Столетия отец мой видел треть,
а двух третей он так и не увидел.

Но этой первой третью красен век,
но это революция, рассвет
Европы, человечества, России.
Эпоха выбивала клином клин.
Пусть говорят, что комом первый блин,
но русский, украинец, армянин,
китаец и поляк, латыш и финн
шли как один и гибли как один
и светлой кровью землю оросили.

Они погибли, смертью смерть поправ,
отвергнув многовековые распри,
как побратимы кровь свою смешав,
нам завещав свою мечту о братстве.

Их отсветом светлы мы до сих пор,
хоть свет их — свет угасших звезд,
посмертный…
Не зря ль погибли? Не напрасны ль жертвы?
Кто виноват? — не утихает спор.

Ломалось время. Тридцать третий год.
Отец мой, чтоб оставить имя чистым,
жизнь кончить должен был самоубийством —
его записку прокурор прочтет.

Столетия отец мой видел треть.
От нас все дальше, дальше это время.
Но мы обречены туда смотреть.
Чтобы осмыслить. Хоть в какой-то мере.

“А сохранилась ли его библиотека?..”

— А сохранилась ли его библиотека? —
спросила женщина, историк, кандидат.
Ей нужен материал, ей предстоит доклад,
ждет от меня она и сведений, и дат.
А что я ей скажу?
— Отец не виноват!
— Отец не виноват! — кричу уже полвека.

“Когда маму забрали под Первое мая…”

Когда маму забрали под Первое мая,
тут же вскоре сославши в казахские степи,
мы с братишкой, поехать к ней в ссылку желая,
в детприемнике жили, как многие дети.

Юрке — десять, мне было почти что пятнадцать,
с мамой мы не могли и представить разлуку
и просились к ней,
и потому так пристрастно
две недели разглядывали нас, как в лупу.

Были там ребятишки от года и старше,
все такие домашние теплые крохи,
а по ним убивались их матери страшно,
осужденные женщины, жертвы эпохи.

Мы, девчонки, малышек чужих одевали
и кормили из ложечки нежно, как кукол…
Позже матери их отыскали едва ли,
если вышли из тюрем и стали аукать.

Из детдома, наверно, их брали охотно,
тех фарфоровых, ангельских, сладких детишек…
Под чужими фамилиями бесповоротно
затерялись… Как мать ни аукай — не слышат.

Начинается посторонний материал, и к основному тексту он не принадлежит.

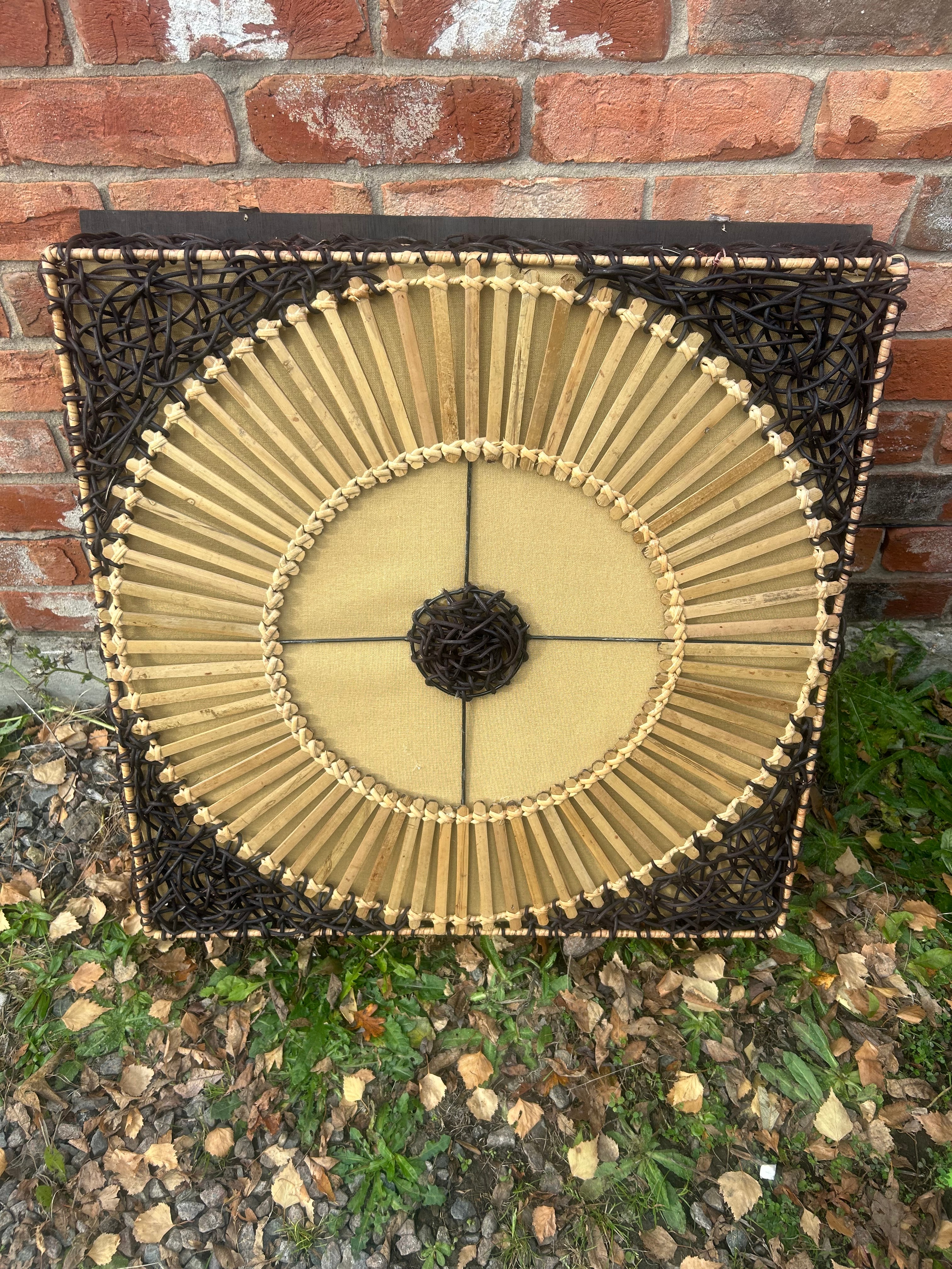 An Edgeform URC 26 Wall Light, Made in Thailand, Mid-Century Modern in style. This square decorative piece features a woven light brown or tan textile background, adorned with a radial, sunburst-like design composed of numerous light-toned wooden or bamboo slats, secured by lighter woven natural fibers. The central circular motif is bordered by a tightly woven dark natural fiber, which also forms intricate, overlapping patterns in the four corners and a small, dense bundle at the very center. The piece is framed along the top edge with a dark, possibly stained wood or composite material, and along its other edges with a lighter, woven natural fiber frame, intertwined with the dark fiberwork.

“Память отрочества – мой семейный ларец…”

Память отрочества — мой семейный ларец,
там не жемчуг — мои затвердевшие слезы,
там еще улыбается мертвый отец
и по снегу скрипят детских санок полозья.

А на саночках скарб скромной мамы моей,
я ее провожаю в тюрьму до порога,
прошлый раз уходила она без вещей,
а теперь собрала что могла, хоть немного.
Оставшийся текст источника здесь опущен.